The GSL filter definition for this filter is gsl.#EnsureVariablesFilter.
Configuration
#EnsureVariablesFilter
#EnsureVariablesFilter: {
#options: #EnsureVariablesConfig
}
#options
The root of the filter configuration.
#EnsureVariablesConfig
#EnsureVariablesConfig: {
rules?: [...#EnsureVariablesConfig_Rule]
}
rules
Array of rules to enforce on the incoming request.
#EnsureVariablesConfig_Rule
#EnsureVariablesConfig_Rule: {
key?: string
location?: #LocationType
metadataFilter?: string
enforce?: bool
enforceResponseCode?: int32
removeOriginal?: bool
value?: #EnsureVariablesConfig_Rule_Value
copyTo?: [...#EnsureVariablesConfig_Rule_CopyTo]
}
key
The key name in the request to check.
location
The location of the key specified in the key field. Can be one of: “header”, “cookie”, “queryString”, or “metadata”.
metadataFilter
The name of the filter to ready dynamic metadata from.

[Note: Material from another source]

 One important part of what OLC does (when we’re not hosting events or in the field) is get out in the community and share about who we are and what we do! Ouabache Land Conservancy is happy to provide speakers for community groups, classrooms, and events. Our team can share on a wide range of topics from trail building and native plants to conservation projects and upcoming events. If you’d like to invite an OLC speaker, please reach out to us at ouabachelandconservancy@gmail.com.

If the location is set to metadata then this field is required.
enforce
Default: false
If set to true, the filter will reject the request if the rule fails to find the key.
enforceResponseCode
Default: 403
Specifies the HTTP status code to return in the case of a rule failure.
removeOriginal
Default: false
If set to true, the filter will strip the matched key and value from the request.
value
If set, the filter will perform additional key/value pair matching based on the values set.
copyTo
If set, the filter will copy the matched key and value into each one of these specified locations.

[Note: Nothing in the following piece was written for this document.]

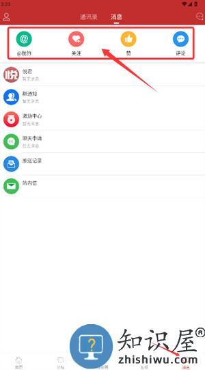 3、切换至消息页查看关注、点赞及评论等社交互动动态信息。

#EnsureVariablesConfig_Rule_Value
#EnsureVariablesConfig_Rule_Value: {
matchType: "exact" | "prefix" | "suffix" | "regex"
matchString: string
}
matchType
Default: exact
The type of matching performed by the filter on the key/value pair.
matchString
The string used to match the key’s value with.
#EnsureVariablesConfig_Rule_CopyTo
#EnsureVariablesConfig_Rule_CopyTo: {
location?: "header" | "cookie" | "queryString" | "metadata"
key?: string
direction?: "request" | "response" | "both"
cookieOptions?: #CookieOptions
}
location
Default: header
Specifies where the filter will create the new key. Can be one of header, cookie, queryString, metadata.
key
The newly copied key name.
direction
Specifies whether the filter copies the key/value pair into the request, response, or both. Can be one of request, response, both.
cookieOptions
Specifies the cookie options if copying into a cookie.
CookieOptions
#CookieOptions: {
httpOnly?: bool
secure?: bool
domain?: string
path?: string
maxAge?: string
}
httpOnly
Default: false
Sets the httpOnly cookie security policy.
secure
Default: false
Sets the secure cookie security policy.
domain
Specifies the hosts allowed to access the created cookie. If unspecified, it defaults to the host of the current document location, excluding subdomains. If it is specified, then subdomains are always included.
path
Specifies a URL path that must exist in the requested URL in order to send the Cookie header. The %x2F (“/”) character is considered a directory separator, and subdirectories will match as well.
maxAge
Specifies the value of the Max-Age cookie attribute. The string value must be formatted in a signed sequence of decimal numbers with an optional fraction and time unit suffix.
For example:
"300ms""-1.5h""2h45m"
The supported unit suffixes are: “s”, “m”, and “h”. If this value is not set, the cookie will expire at the end of the session.
Examples
Enforcing a header
Assert that requests must have an Authorization: Bearer header, otherwise return a 401.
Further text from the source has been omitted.